Why are you so certain? Their own employees feel that public pressure is the only way out, evidenced by their employees publicly speaking out or leaking things to the press to effect change. How, in your eyes, does this come anywhere close to a degree of certainty that change from within is possible?


I'm not suggesting software developer #1034643 at Alphabet will be able to influence their AI safety policies, I am suggesting Lead AI Safety Researcher #17 at Alphabet will be able to influence their AI safety policies - possibly not, but there's a strong non-zero chance there. Certainly their chances of influencing AI safety policies at Alphabet, which people argue is important, is far greater than if they were a finance engineer earning the same salary at Jane Street. You could argue that Timnit Gebru was unable to introduce change because she was fired before publishing the paper about Google Brain, but nine congressmen have asked for an investigation and it's hardly over so who knows what'll happen there.

I've read similar evidence about people not being able to do much, but someone (or some committee) is having an impact on research direction somewhere within the company (else they wouldn't have even started that research department to begin with).


> nine congressmen have asked for an investigation

Is that change from within? Is this not proving my point?

> else they wouldn't have even started that research department to begin with

You couldn't think of a single other reason to start a research department? Like, say, to say you're doing research but without regard for the results?


These all feel a bit indirect on how they might have a positive impact.

For a job board like this, I would prefer that the companies themselves are directly working on high impact problems that are a benefit to society and the environment.

Would also be nice to see a quick description of the impact each company is trying to have.


Can't point 1 be used to justify any unethical job that pays a lot? What's the point of having a job board with "ethical" jobs then?


Get the job, and slow walk it, generate good looking but bad analysis.

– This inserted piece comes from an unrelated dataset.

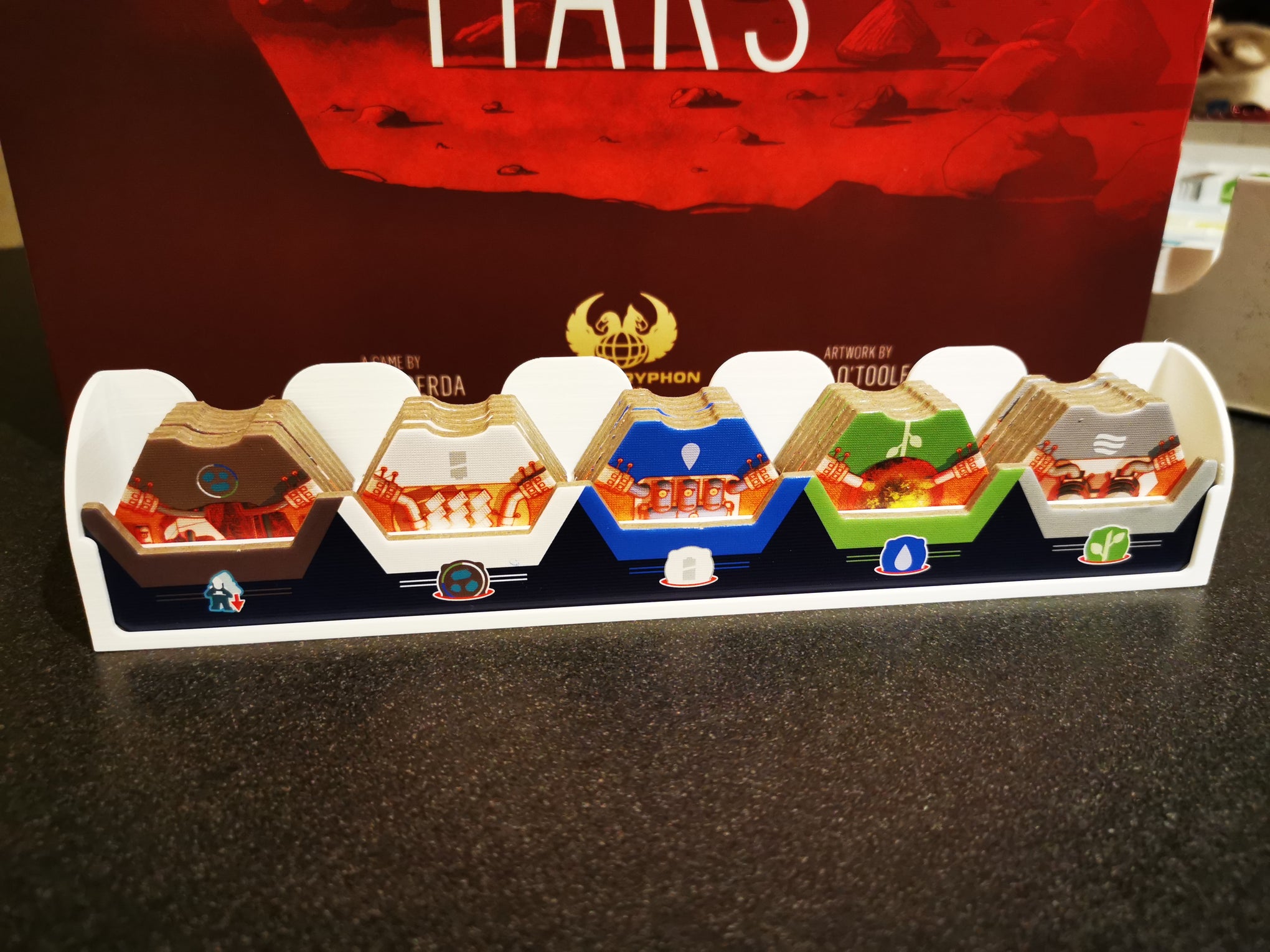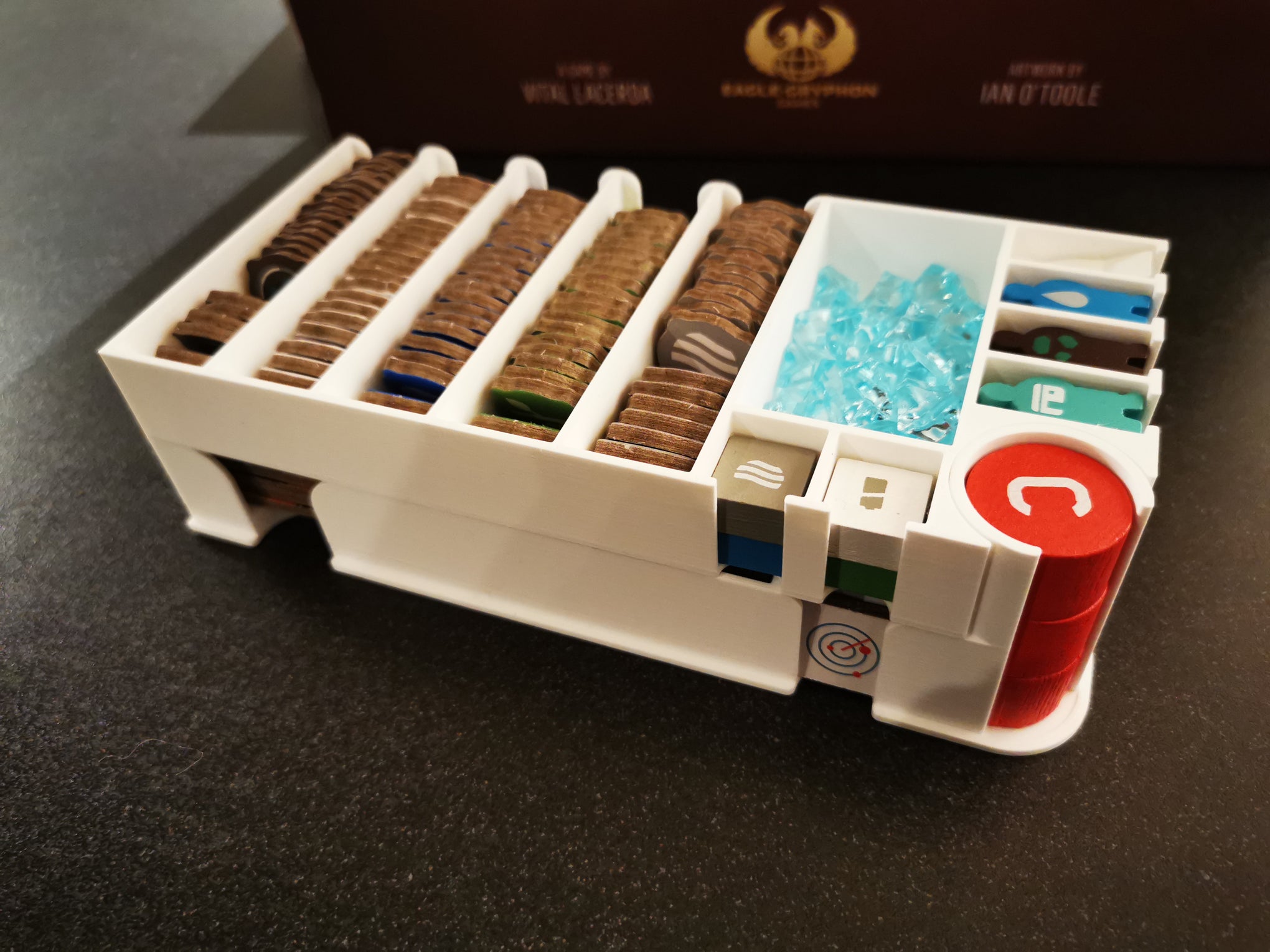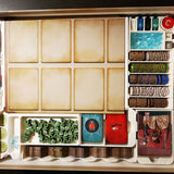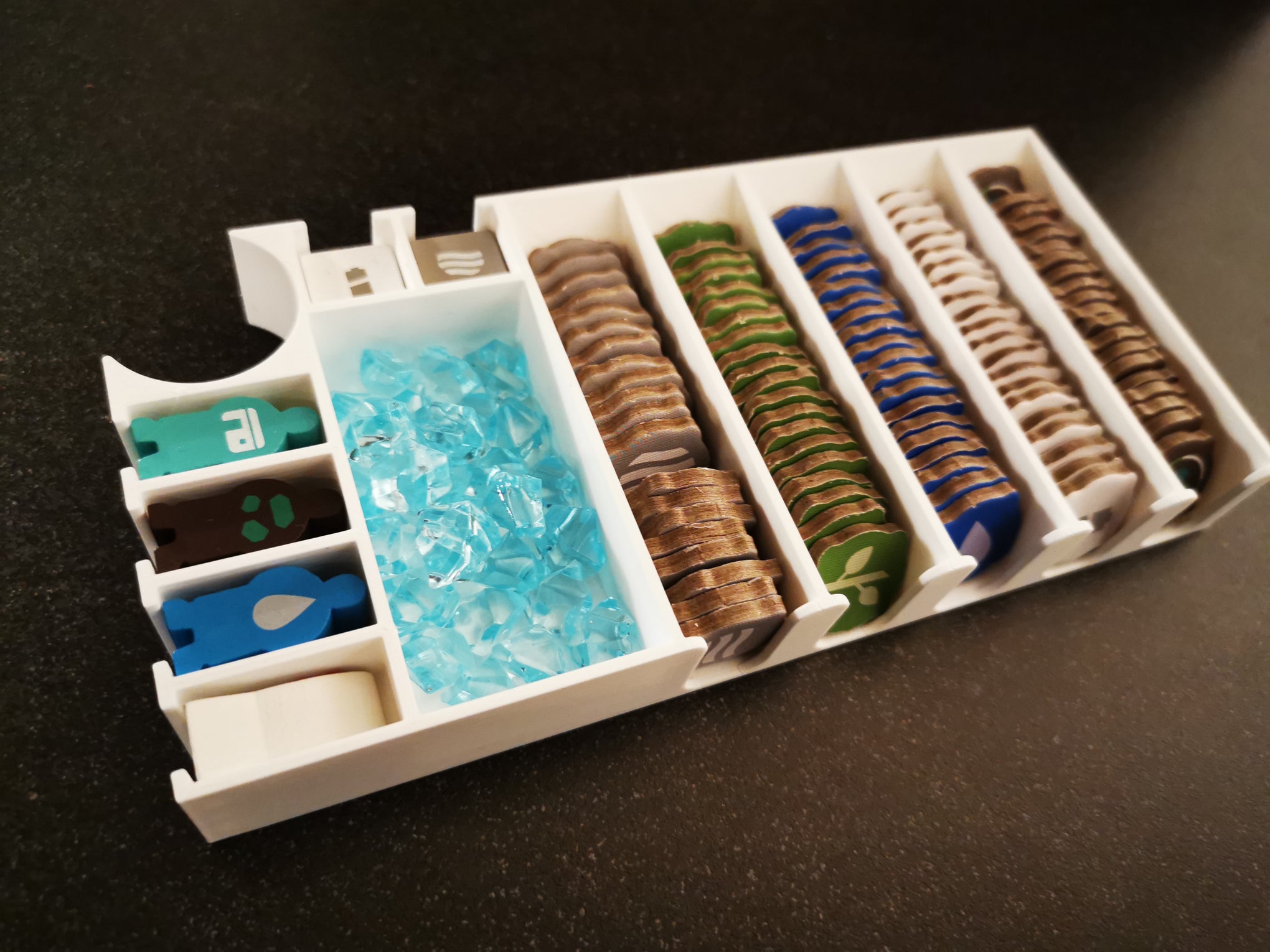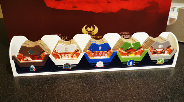 Les trays sont pensés pour être visuellement explicites : chaque emplacement est décoré d'icônes correspondant aux types de bâtiments ou ressources, facilitant le tri et la mise en place directe sur la table, sans confusion.

The idea is good, but some other features are needed, like a description of the role and of the company, showing why they are a good fit for the goodjobs page. It could be interesting as well to be able to apply for the jobs directly from goodjobs instead of being send elsewhere, and why not having a bookmark feature to see where you already applied / what positions or companies you're interested in


How is this differentiated from https://techjobsforgood.com


There's a similar company https://goodgigs.app/ that does this as well, but more built-out (and seemingly more focused on non-technical roles).

Not sure your plans for this page, but could be an interesting conversation with that founder.


Is there any way I can submit a job to this?


Just send me an email (click on feedback on the site)


Looks cool. Where do you source these jobs from? How do you make sure to update these frequently.


It’s very manual for now, I used hn who is hiring posts and companies I found during my last job search that are still hiring. Now the at I see a real interest in this I’ll put some more work towards more sources and frequent updates.


Problems like climate change and food insecurity are not technological problems at this point. They are political problems. The job board you want is the board that organizes people to demand political change.


Yes, but maybe a company or organization is, in fact, looking at political climate change solutions, but needs tech hires for their operations, etc.

As the target audience for a job board like this, the question I am starting with isn't "how can tech solve climate change?", it's "how can I apply my tech skills to a problem like climate change?".


> They are political problems

That's true by definition. As political systems are very sensitive to technology, doing tech work can be a very effective form of activism.


>Problems like climate change and food insecurity are not technological problems at this point. They are political problems

Excellent and simple analysis. I should also add housing (in most parts of the world ) to the list.